Task goal:
When you reach the line with "Your employment account" in the data below, begin printing lines exactly, and stop once the line with "Bfr | BSS |" has been printed.

Source information:
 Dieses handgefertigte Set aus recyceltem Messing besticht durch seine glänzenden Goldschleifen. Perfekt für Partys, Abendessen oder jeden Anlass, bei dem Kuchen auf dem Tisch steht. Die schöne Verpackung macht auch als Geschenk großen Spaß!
...
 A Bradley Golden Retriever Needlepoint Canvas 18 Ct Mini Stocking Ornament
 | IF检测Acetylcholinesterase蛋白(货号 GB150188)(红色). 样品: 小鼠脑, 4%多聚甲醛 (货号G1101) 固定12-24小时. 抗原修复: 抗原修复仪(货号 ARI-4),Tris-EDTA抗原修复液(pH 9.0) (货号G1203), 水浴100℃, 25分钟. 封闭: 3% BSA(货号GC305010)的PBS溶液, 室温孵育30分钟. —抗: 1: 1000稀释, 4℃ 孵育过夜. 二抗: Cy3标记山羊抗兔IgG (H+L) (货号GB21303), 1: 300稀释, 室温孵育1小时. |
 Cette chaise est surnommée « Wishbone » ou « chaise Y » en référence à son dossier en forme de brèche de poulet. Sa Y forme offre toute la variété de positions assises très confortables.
--
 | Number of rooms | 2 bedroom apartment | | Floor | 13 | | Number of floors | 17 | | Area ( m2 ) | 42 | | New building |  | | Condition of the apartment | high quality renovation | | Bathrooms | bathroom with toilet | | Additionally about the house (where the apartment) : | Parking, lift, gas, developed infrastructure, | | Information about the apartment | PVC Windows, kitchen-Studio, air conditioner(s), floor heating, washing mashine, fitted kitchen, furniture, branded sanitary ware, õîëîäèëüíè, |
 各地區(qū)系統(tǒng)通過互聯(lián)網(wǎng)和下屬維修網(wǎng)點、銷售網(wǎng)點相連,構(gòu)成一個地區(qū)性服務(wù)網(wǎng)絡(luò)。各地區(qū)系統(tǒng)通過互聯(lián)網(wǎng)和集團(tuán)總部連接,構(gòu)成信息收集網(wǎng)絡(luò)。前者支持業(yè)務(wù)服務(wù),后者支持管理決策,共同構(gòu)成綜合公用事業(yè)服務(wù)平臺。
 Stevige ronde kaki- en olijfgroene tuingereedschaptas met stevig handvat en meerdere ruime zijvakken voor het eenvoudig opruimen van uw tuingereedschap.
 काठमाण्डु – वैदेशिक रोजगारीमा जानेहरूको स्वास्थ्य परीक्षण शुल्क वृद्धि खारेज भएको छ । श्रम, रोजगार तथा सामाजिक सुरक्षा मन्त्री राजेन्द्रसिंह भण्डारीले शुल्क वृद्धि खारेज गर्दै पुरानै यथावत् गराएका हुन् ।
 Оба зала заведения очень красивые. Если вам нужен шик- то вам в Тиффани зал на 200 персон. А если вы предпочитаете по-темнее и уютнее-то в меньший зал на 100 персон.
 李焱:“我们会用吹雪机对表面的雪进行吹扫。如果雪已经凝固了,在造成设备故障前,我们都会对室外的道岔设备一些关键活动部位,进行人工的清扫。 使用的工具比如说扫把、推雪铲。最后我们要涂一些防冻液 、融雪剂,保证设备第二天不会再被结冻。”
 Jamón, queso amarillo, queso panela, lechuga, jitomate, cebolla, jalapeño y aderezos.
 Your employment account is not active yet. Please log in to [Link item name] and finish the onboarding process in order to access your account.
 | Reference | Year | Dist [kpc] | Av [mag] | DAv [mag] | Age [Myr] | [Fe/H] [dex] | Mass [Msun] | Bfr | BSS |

Final answer:
 Your employment account is not active yet. Please log in to [Link item name] and finish the onboarding process in order to access your account.
 | Reference | Year | Dist [kpc] | Av [mag] | DAv [mag] | Age [Myr] | [Fe/H] [dex] | Mass [Msun] | Bfr | BSS |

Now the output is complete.